Extensible files
Pintos currently cannot extend the size of files because the Pintos file system allocates each file as a single contiguous set of blocks. Your task is to modify the Pintos file system to support extending files. Your design should provide fast random accesses to the file, so you should avoid using a design based on File Allocation Tables (FAT). One possibility is to use an indexed inode structure with direct, indirect, and doubly-indirect pointers, similar to Unix FFS. The maximum file size you need to support is 8 MiB (2^23 bytes). You must also add support for a new system call inumber(int fd)
which returns the unique inode number of file associated with a particular file descriptor. Make sure that you gracefully handle cases where the operating system runs out of memory or disk space by leaving the file system in a consistent state (especially with regard to inode extension) and without leaking disk space or memory.
Implementation details
The basic file system allocates files as a single extent, making it vulnerable to external fragmentation: it is possible that an n
-block file cannot be allocated even though n
blocks are free. Eliminate this problem by modifying the on-disk inode structure. In practice, this probably means using an index structure with direct, indirect, and doubly indirect blocks. You are welcome to choose a different scheme as long as you explain the rationale for it in your design documentation, and as long as it does not suffer from external fragmentation (as does the extent-based file system we provide).

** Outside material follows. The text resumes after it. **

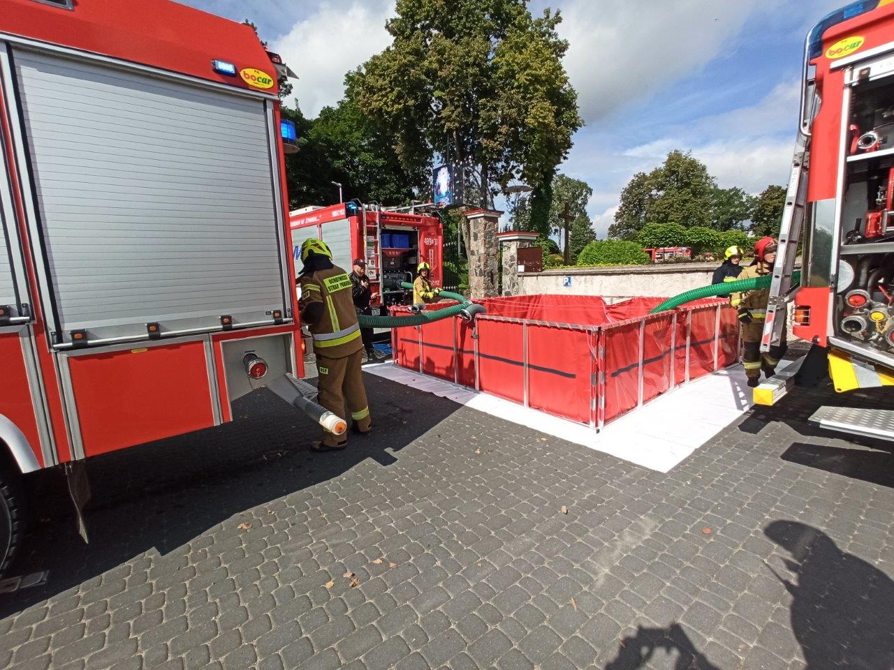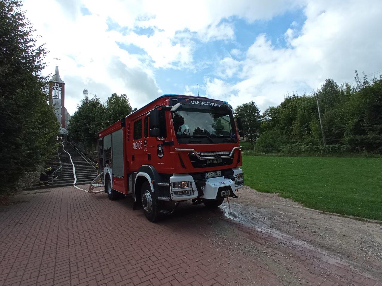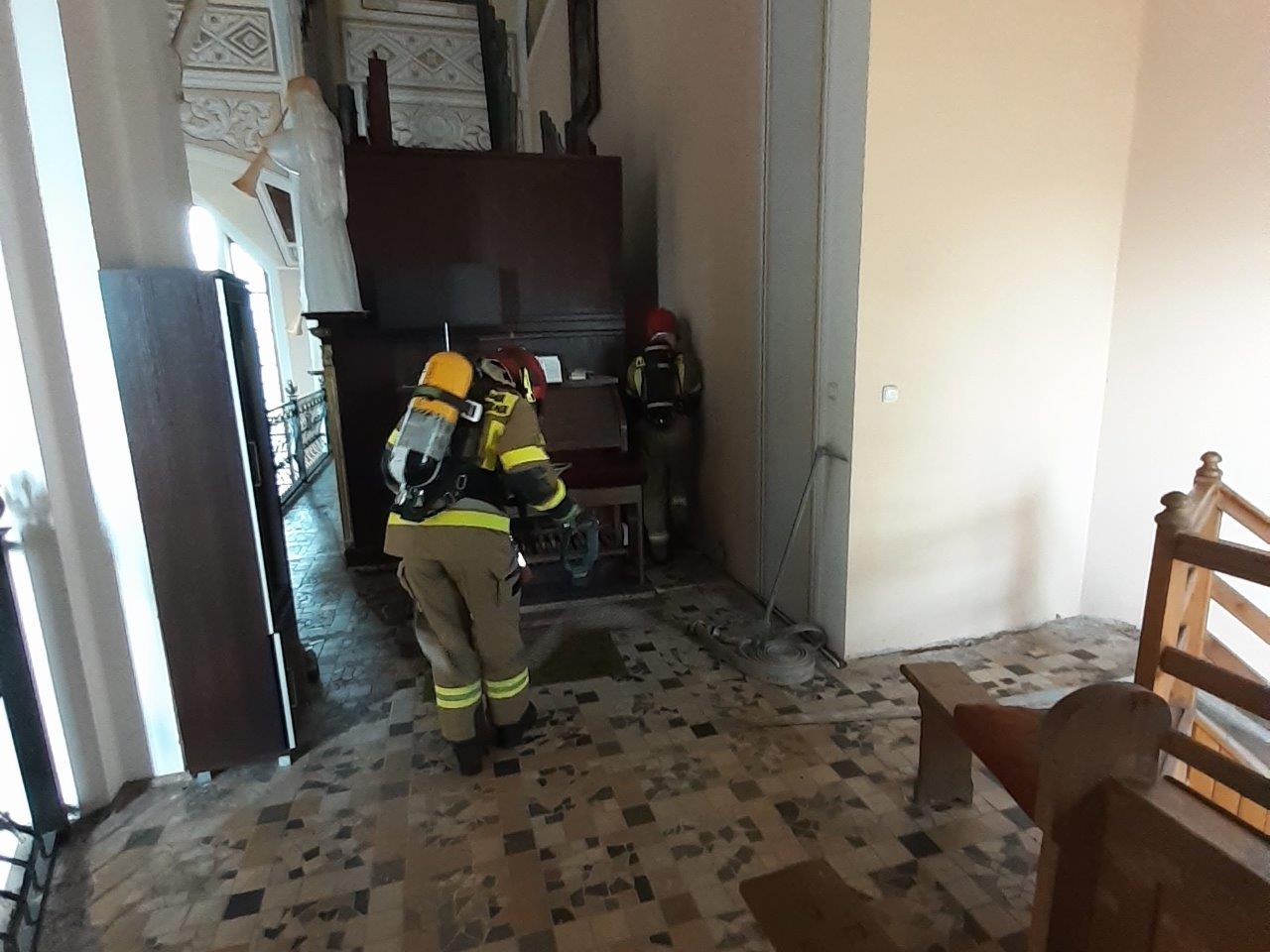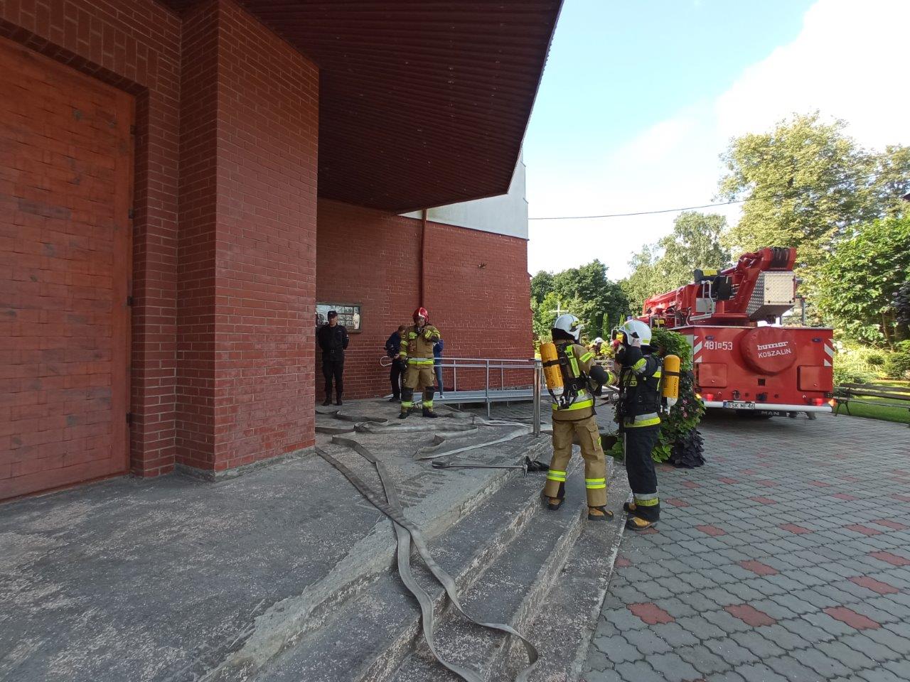 Celem praktycznych ćwiczeń taktyczno – bojowych było doskonalenie współdziałania podmiotów ratowniczych podczas akcji gaszenia pożaru w obiekcie sakralnym.

You can assume that the file system partition will not be larger than 8 MiB. You must support files as large as the partition (minus metadata). Each inode is stored in one disk sector, limiting the number of block pointers that it can contain. Supporting 8 MiB files will require you to implement doubly-indirect blocks.
An extent-based file can only grow if it is followed by empty space, but indexed inodes make file growth possible whenever free space is available. Implement file growth. In the basic file system, the file size is specified when the file is created. In most modern file systems, a file is initially created with size 0 and is then expanded every time a write is made off the end of the file. Your file system must allow this.
There should be no predetermined limit on the size of a file, except that a file cannot exceed the size of the file system (minus metadata). This also applies to the root directory file, which should now be allowed to expand beyond its initial limit of 16 files.
User programs are allowed to seek beyond the current end-of-file (EOF). The seek itself does not extend the file. Writing at a position past EOF extends the file to the position being written, and any gap between the previous EOF and the start of the write()
must be filled with zeros. A read()
starting from a position past EOF returns no bytes.
Writing far beyond EOF can cause many blocks to be entirely zero. Some file systems allocate and write real data blocks for these implicitly zeroed blocks. Other file systems do not allocate these blocks at all until they are explicitly written. The latter file systems are said to support “sparse files." You may adopt either allocation strategy in your file system.
You are already familiar with handling memory exhaustion in C, by checking for a NULL return value from malloc. In this project, you will also need to handle disk space exhaustion. When your file system is unable to allocate new disk blocks, you must have a strategy to abort the current operation and rollback to a previous good state.